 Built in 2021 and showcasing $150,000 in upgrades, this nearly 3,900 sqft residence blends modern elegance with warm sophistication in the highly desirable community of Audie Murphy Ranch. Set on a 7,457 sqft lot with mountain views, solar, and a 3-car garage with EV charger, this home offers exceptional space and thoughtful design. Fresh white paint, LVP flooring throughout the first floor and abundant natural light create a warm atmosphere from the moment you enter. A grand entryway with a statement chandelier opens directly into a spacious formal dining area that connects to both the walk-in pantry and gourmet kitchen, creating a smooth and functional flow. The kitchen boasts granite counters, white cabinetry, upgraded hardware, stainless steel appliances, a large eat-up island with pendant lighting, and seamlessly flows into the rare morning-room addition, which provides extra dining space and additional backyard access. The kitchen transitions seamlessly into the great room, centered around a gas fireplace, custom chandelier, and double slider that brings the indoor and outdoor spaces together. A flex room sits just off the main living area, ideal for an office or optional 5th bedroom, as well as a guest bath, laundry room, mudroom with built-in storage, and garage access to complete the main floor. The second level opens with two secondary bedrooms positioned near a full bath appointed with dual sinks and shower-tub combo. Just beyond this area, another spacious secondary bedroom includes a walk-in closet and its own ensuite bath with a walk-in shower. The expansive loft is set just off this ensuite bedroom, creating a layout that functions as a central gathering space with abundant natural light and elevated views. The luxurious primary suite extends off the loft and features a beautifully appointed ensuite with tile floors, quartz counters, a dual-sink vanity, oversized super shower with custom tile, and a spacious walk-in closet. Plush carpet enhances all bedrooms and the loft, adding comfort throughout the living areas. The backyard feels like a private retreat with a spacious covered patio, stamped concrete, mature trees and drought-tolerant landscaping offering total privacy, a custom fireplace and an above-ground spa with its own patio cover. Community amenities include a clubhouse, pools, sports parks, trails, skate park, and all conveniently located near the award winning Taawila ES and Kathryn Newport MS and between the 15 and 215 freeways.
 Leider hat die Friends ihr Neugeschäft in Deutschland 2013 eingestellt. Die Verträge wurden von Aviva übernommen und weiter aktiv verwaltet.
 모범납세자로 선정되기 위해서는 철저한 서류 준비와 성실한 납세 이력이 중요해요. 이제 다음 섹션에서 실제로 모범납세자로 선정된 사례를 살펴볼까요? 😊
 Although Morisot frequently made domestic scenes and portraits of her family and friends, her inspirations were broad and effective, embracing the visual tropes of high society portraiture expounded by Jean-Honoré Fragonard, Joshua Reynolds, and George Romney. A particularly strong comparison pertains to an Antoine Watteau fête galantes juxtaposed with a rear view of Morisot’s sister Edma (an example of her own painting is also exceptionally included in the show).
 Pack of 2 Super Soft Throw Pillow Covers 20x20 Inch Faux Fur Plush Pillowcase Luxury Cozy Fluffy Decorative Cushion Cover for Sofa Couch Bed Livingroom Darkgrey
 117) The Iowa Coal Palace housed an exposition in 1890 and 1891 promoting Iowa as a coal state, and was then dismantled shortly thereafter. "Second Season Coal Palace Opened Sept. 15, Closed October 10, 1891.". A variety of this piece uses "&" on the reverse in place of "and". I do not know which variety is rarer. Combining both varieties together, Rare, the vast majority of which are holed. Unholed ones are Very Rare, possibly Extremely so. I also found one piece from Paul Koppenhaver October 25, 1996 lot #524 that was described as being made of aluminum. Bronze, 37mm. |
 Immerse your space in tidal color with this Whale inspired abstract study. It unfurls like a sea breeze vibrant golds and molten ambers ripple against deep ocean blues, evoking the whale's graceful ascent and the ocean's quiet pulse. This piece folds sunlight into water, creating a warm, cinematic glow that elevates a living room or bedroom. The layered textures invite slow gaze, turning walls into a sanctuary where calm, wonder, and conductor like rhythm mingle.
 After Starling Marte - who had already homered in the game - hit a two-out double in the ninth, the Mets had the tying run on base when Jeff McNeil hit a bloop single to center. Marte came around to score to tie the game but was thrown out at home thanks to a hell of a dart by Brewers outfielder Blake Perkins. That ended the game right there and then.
+--
▶ **What the task requires**: Print exactly the lines above from the one with "117) The Iowa" to the one with "Immerse your space", including both.

▶ **Result of the exercise**:
 117) The Iowa Coal Palace housed an exposition in 1890 and 1891 promoting Iowa as a coal state, and was then dismantled shortly thereafter. "Second Season Coal Palace Opened Sept. 15, Closed October 10, 1891.". A variety of this piece uses "&" on the reverse in place of "and". I do not know which variety is rarer. Combining both varieties together, Rare, the vast majority of which are holed. Unholed ones are Very Rare, possibly Extremely so. I also found one piece from Paul Koppenhaver October 25, 1996 lot #524 that was described as being made of aluminum. Bronze, 37mm. |
 Immerse your space in tidal color with this Whale inspired abstract study. It unfurls like a sea breeze vibrant golds and molten ambers ripple against deep ocean blues, evoking the whale's graceful ascent and the ocean's quiet pulse. This piece folds sunlight into water, creating a warm, cinematic glow that elevates a living room or bedroom. The layered textures invite slow gaze, turning walls into a sanctuary where calm, wonder, and conductor like rhythm mingle.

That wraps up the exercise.